[Rarebooks] fa: EDWARD DU BOIS - OLD NICK: A SATIRICAL STORY 1803 - (re. Cannabis, Mary Wollstonecraft, &c.) - 3 vols./Association Copy

ArCh ardchamber at earthlink.net
Mon Apr 30 10:21:50 EDT 2018


Listed now, auction ending Sunday, May 6. Images and more details can be found at the URL below or by searching for the seller name arch_in_la. 

http://tinyurl.com/y7n6m7v3

Thanks again,
Ardwight Chamberlain
Ann Arbor, MI, USA


[Edward Du Bois:] Old Nick; A Satirical Story. In Three Volumes. By the Author of A Piece of Family Biography. London: Printed for T. N. Longman and O. Rees, 1803. Three volumes, tall 12mo (17 cm), in later half olive morocco, with the spines tooled in gilt and blind.

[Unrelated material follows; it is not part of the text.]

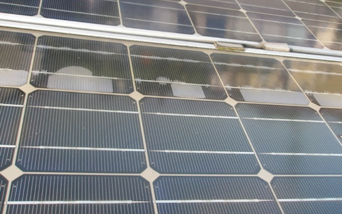 - Delaminatie, dus het loslaten van de verschillende lagen (glas, lijm, cellen, lijm en folie) van het laminaat, als gevolg van indringing van vocht. De panelen op de foto zijn van Shell en werden verkocht tussen 2005 en 2010. Als ze van die vlekken hebben, zullen ze ook niet veel meer opbrengen.

The second edition, with a new preface. Both this and the first edition (1801) are uncommon. While OCLC locates a plethora of "eBook" editions in libraries worldwide, hard copies are scarce on the ground. COPAC locates only one copy each of the first, second and Dublin editions. Bindings with modest wear to the extremities, occasional light spotting and toning to the leaves, else clean and sound, firmly bound. Title-pages with the early ownership signatures of "Emma Du Bois," presumably a relation of the author's.

Penniless London gent travels to a country home to act as tutor, befriends the family and falls in love with his friend's fiancée. "It were ungrateful to criticise severely what has much amused us, and has not failed to entertain, ...yet we must acknowledge that the story is in general not well connected; that it is, in many parts, improbable; and that some of the most striking characters are copied from other works. We suspect, however, that this story is intended only as the vehicle of humour, and that the author considers striking situations as of more importance than originality of character" (Critical Review, April, 1802). A witty survey of Regency-era morals and manners, with Du Bois taking satirical jabs at such targets as country squires, booksellers, Rousseau, Voltaire, Mary Wollstonecraft, etc. Though the novel's narrator is generally conservative in outlook, there are exceptions: at one point he paints a surprisingly sympathetic portrait of a "kept woman" and at another argues against capital punishment. There is also a description of King's Bench debtors' prison and an unusual mention of cannabis ("amongst us moderns, better known by the vulgar term hemp") as a remedy for love.